_SUPPLIED INFORMATION:_
╭──

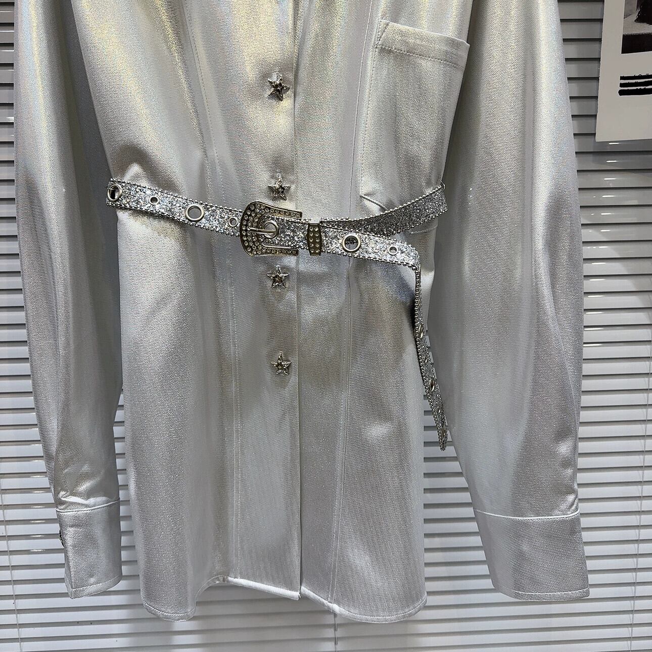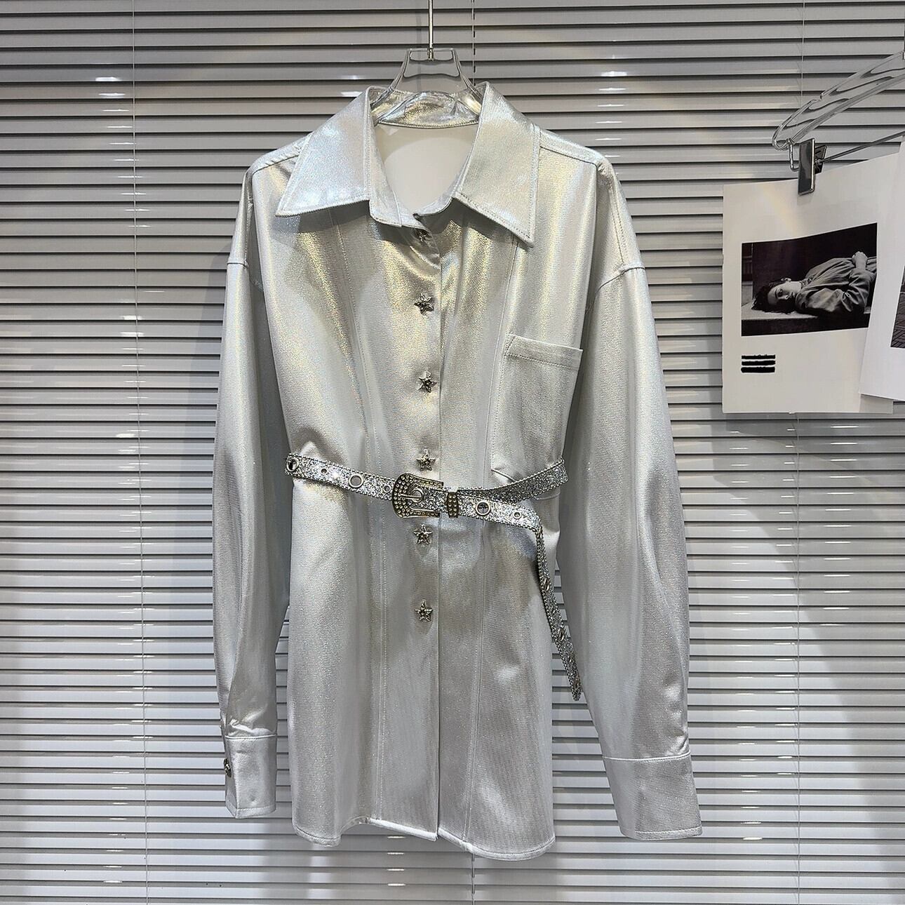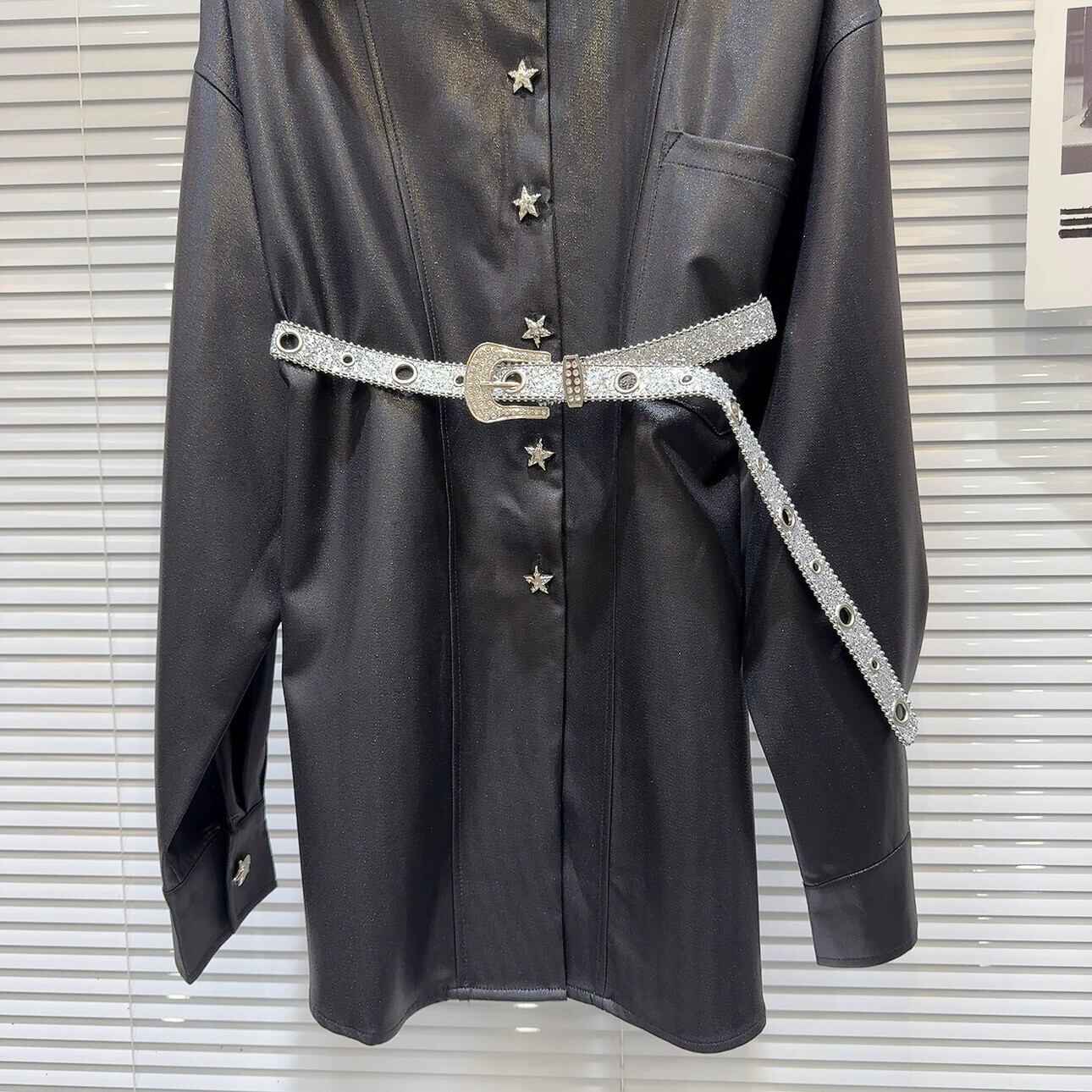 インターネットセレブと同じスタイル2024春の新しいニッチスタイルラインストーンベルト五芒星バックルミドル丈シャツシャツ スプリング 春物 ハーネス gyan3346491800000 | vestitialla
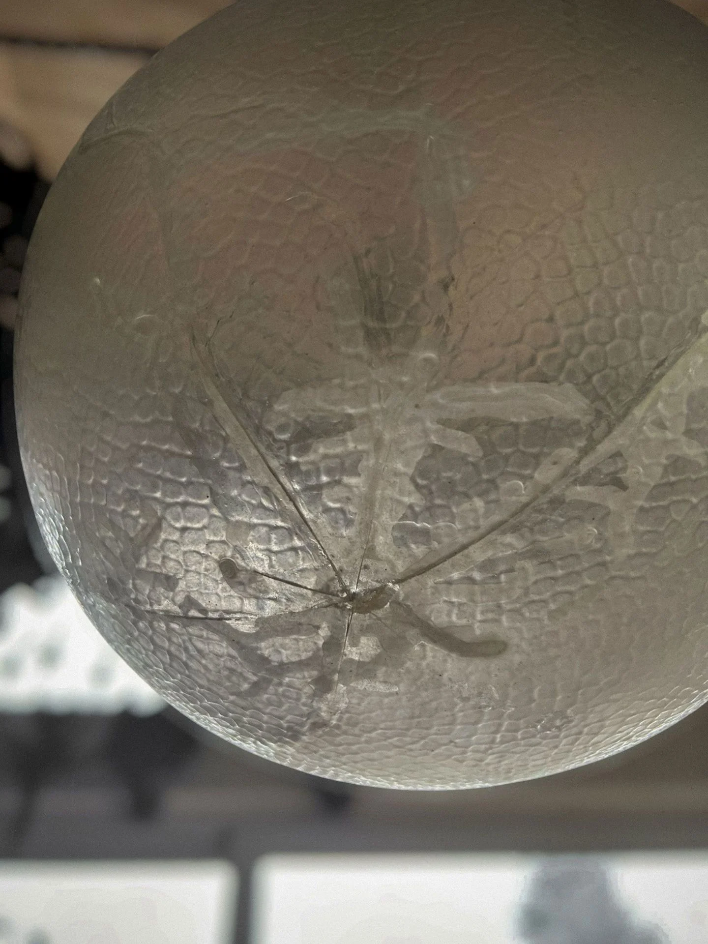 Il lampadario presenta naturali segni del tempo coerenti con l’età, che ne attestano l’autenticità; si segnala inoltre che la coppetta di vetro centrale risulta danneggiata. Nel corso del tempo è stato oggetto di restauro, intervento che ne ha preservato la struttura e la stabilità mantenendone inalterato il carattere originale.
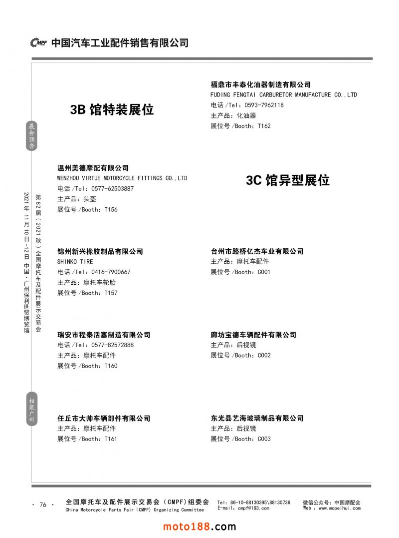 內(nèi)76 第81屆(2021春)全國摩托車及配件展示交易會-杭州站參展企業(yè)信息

╰──

_PROBLEM TO SOLVE:_ For this exercise, transcribe exactly only the lines from the one containing "Il lampadario presenta" through the end of the listing, inclusive, without the pictures.

_SOLUTION FOR THIS TASK:_
 Il lampadario presenta naturali segni del tempo coerenti con l’età, che ne attestano l’autenticità; si segnala inoltre che la coppetta di vetro centrale risulta danneggiata. Nel corso del tempo è stato oggetto di restauro, intervento che ne ha preservato la struttura e la stabilità mantenendone inalterato il carattere originale.
 內(nèi)76 第81屆(2021春)全國摩托車及配件展示交易會-杭州站參展企業(yè)信息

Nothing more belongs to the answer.